ਨਾਨਕ ਇਹ ਬਿਧਿ ਛੁਟੀਐ ਨਦਰਿ ਤੇਰੀ ਸੁਖੁ ਹੋਇ ॥੧॥ 
Nānak ih biḏẖ cẖẖutī▫ai naḏar ṯerī sukẖ ho▫e. ||1|| 
O Nanak, in this way am I released. Through thy grace, O my Guru, I am blessed with Peace.​
Waheguru!


----------



## swarn bains (Feb 4, 2019)

ਮੈਲਾ  it means filthy, dirty. it does not mean sin or from committing sins


----------



## Gyani Jarnail Singh (Feb 11, 2019)

Here Maillah is for the Mann..MIND........and Mann gets "dirty" with thoughts that are dirty.
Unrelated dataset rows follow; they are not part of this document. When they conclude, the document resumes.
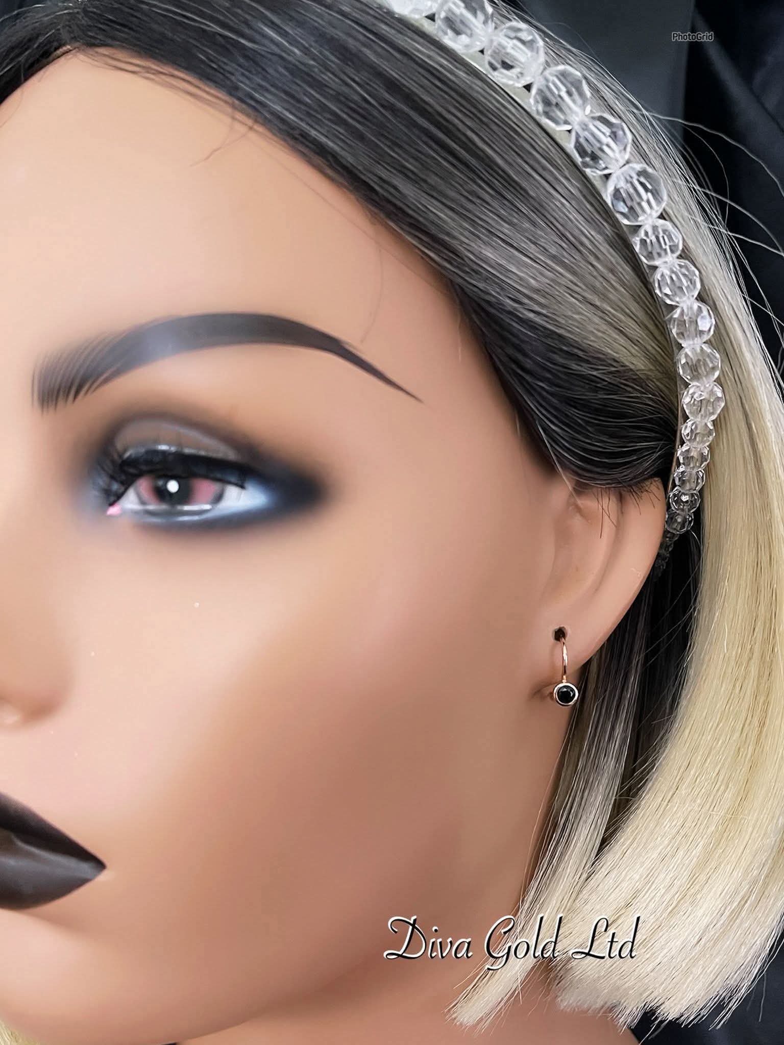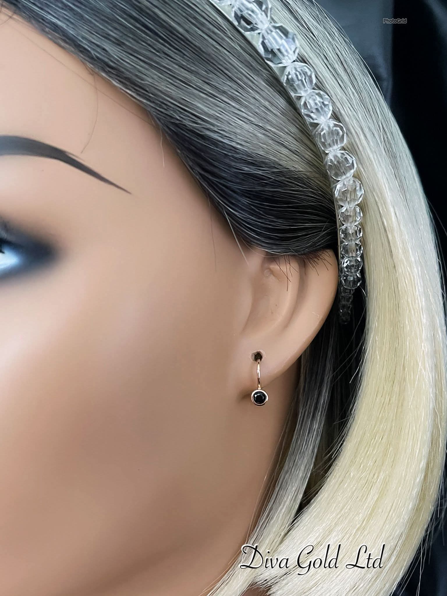 Kids gold 585 earrings with black zircon stone
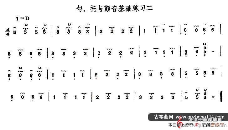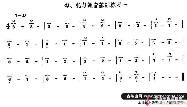 曲谱图网为您提供古筝勾托与颤音基础练习简谱(2首)找谱子,就上曲谱图网。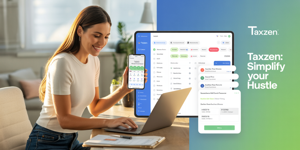 A visual representation of organized tax preparation for side hustlers: a freelancer using accounting software on a laptop, a smartphone app tracking mileage, and labeled folders for receipts and estimated tax payments, conveying streamlined financial management.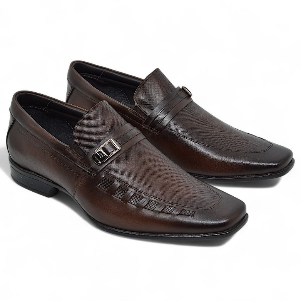 FORMA: Anatômica (ver tabela de medidas) CABEDAL: Couro legítimo, pin metálico PALMILHA: Anatômica macia, absorve impactos FECHAMENTO: Slip On com elástico lateral SOLADO: Borracha de alta qualidade, antiderrapante INTERIOR: Forrado em PU acolchoado e antitranspirante ESTILO: Social slip on, bico quadrado SALTO: Baixo e discreto CONTEÚDO DA CAIXA: 1 par de sapatos GARANTIA: 30 dias contra defeitos de fabricação ENVIO: Caixa original do fabricante O Sapato Social Rafarillo Masculino em Couro é a escolha perfeita para homens que buscam elegância, sofisticação e conforto em um único calçado. Versátil e moderno, ele se adapta tanto a ocasiões formais e eventos sociais quanto ao dia a dia no ambiente de trabalho, oferecendo um visual refinado e ao mesmo tempo prático. Confeccionado em couro legítimo de altíssima qualidade, o modelo apresenta resistência superior, durabilidade e acabamento impecável. O material nobre garante beleza, sofisticação e fácil manutenção, preservando por muito mais tempo a aparência de um calçado novo e bem cuidado. Seu design em estilo slip on traz praticidade e modernidade, com detalhe de elástico discreto nas laterais do cabedal, que além de facilitar o calce, proporciona ajuste seguro e confortável aos pés. Os cortes estratégicos no couro, aliados ao pin metálico no topo do cabedal, reforçam o estilo clássico com toques de requinte, tornando o sapato um verdadeiro destaque no vestuário masculino. O bico quadrado confere personalidade ao modelo, equilibrando elegância e imponência, ideal para composições que exigem sofisticação. Essa característica, somada ao sistema slip on, valoriza ainda mais o design e garante praticidade ao usuário. No quesito conforto, o sapato não decepciona: seu interior é totalmente forrado e acolchoado em PU, com ação antitranspirante que mantém os pés sempre secos e arejados. A palmilha anatômica e macia foi desenvolvida para absorver impactos e oferecer suporte durante o uso prolongado, assegurando bem-estar em todas as etapas do dia. O calçado possui salto baixo e discreto, na medida ideal para manter o porte elegante sem comprometer o conforto. Sua altura é projetada para oferecer estabilidade e ergonomia, garantindo postura correta e harmoniosa em qualquer ocasião. Por fim, o solado de borracha com frisos antiderrapantes proporciona segurança em cada passo, garantindo excelente aderência e tração em diferentes tipos de superfícies. Essa característica alia resistência e funcionalidade, completando um sapato que une o melhor do estilo clássico à praticidade moderna. TABELA DE MEDIDAS Tamanho 37 - 26,5cm Tamanho 38 - 27,1cm Tamanho 39 - 27,8cm Tamanho 40 - 28,5cm Tamanho 41 - 29,1cm Tamanho 42 - 29,8cm Tamanho 43 - 30,4cm Tamanho 44 - 31,1cm

Mann doesnt commit "sins"....


----------



## Gyani Jarnail Singh (Feb 11, 2019)

The Mind gets soiled/dirty when it doesnt follow the Laws of the Creator..the NAAM (Disciplines/Laws)...example Fire is bound by LAW to burn !! Fire never breaks this Law...water is bound by its own set of laws..as is everything in the Creation....only the Human MANN seeks to disobey these Laws..and gets soiled by such disobedience.


----------